The 1931 New South Wales Rugby Football League premiership was the twenty-fourth season of Sydney’s top-level rugby league club competition, Australia’s first. During the season, which lasted from April until September, eight teams from across the city contested the premiership which culminated in a grand final between minor premiers Eastern Suburbs and South Sydney.

Season summary
The NSWRFL banned radio broadcasting of its matches in 1931 on the grounds that it was affecting the gates. After a year of broadcasts from nearby rooftops and ladders outside the grounds the League rescinded their ban.

Teams
 Balmain, formed on January 23, 1908, at Balmain Town Hall
 Eastern Suburbs, formed on January 24, 1908, at Paddington Town Hall
 Newtown, formed on January 14, 1908
 North Sydney, formed on February 7, 1908
 South Sydney, formed on January 17, 1908, at Redfern Town Hall
 St. George, formed on November 8, 1920, at Kogarah School of Arts
 Western Suburbs, formed on February 4, 1908
 University, formed in 1919 at Sydney University

Ladder

Finals

Grand Final

Eastern Suburbs started the match as short-priced favourites, and ran with the breeze from the western end after their captain Pope won the toss. With  Dick Brown dominating the scrums, Eastern Suburbs attacked early. The first points came at the twenty-minute mark when Lynch kicked a goal after O’Connor was penalised in front of the posts. He missed another attempt two minutes later but Easts went further ahead when Lynch kicked another goal, from a drop kick. Benny Wearing had his chance for South Sydney but was pulled down from behind by Dave Brown two yards from the line. At halftime Eastern Suburbs led 4–0.

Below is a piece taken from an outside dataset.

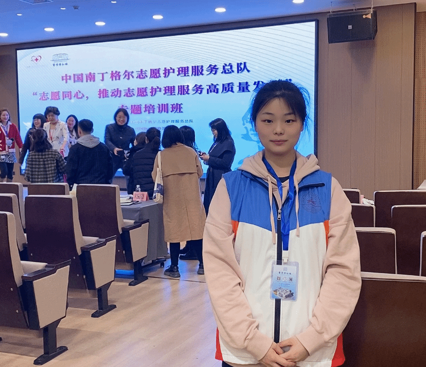 作为团支书,她积极做好老师和同学们之间沟通的桥梁。作为服务队的执行队长,她不断探索志愿服务新形式、新领域,同时参与组织512国际护士节晚会、迎新工作等各类文娱活动和常规工作。她分享道:这两年的学生工作经历让她的沟通能力、组织能力、统筹能力都得到了一定的提高,现在和高中最大的不同是,身为大学生的我们需要自己主动地去安排自己的生活。与其说机会是留给有准备的人,不如说机会是留给有准备并且主动“出击”的人。

Five-minutes after the break South Sydney seized control of the match. They attacked desperately as Treweeke, Curran and then Root hurled themselves at the Eastern Suburbs line. A scrum followed and with an overlap out wide Wearing crossed unopposed in the corner. The winger then converted his own try to give South Sydney a 5–4 lead. Eastern Suburbs then hit back with a remarkable try. Billy Hong gathered in his own twenty-five yard area, stepped through the defence to halfway, passed to Tottey who beat Morrison in a race for the ball. Dave Brown missed the goal, Eastern Suburbs led 7–5. South Sydney fullback Spillane then landed a goal from two yards on his own side of halfway to level the score at 7–all.

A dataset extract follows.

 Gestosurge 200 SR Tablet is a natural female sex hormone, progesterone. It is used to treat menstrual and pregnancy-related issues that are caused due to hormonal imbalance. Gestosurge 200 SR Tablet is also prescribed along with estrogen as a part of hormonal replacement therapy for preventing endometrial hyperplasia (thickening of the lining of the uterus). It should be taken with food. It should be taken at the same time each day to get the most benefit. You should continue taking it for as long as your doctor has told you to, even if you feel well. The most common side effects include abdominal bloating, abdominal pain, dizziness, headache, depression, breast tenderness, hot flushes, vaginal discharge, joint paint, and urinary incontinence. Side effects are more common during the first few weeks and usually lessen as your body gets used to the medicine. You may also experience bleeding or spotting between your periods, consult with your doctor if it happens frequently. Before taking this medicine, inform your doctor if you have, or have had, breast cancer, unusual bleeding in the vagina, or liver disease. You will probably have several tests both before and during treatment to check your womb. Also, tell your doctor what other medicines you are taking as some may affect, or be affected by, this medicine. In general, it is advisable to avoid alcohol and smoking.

Hong then went off after twisting an ankle, Eastern Suburbs struggled to contend with the extra man in South Sydney's backline. Chances followed for both sides – South Sydney's winger, Why, was thrown out at the corner post, Morrison lost possession close to the line and Brown missed with a penalty.

With only minutes left and scores locked at 7–all, South Sydney five-eighth Harry Eyres seized possession inside Eastern Suburbs quarter, stood still for a split second, then with an electrifying burst of speed exploded through the converging defence. He beat the ineffective tackle of Hong (who had come back onto the field) and with the referee accidentally getting in the way of Brown coming over in cover defence for Eastern Suburbs, Eyres crossed for the match winning try. Hong then collapsed and had to be carried from the field as Williams was converting the try.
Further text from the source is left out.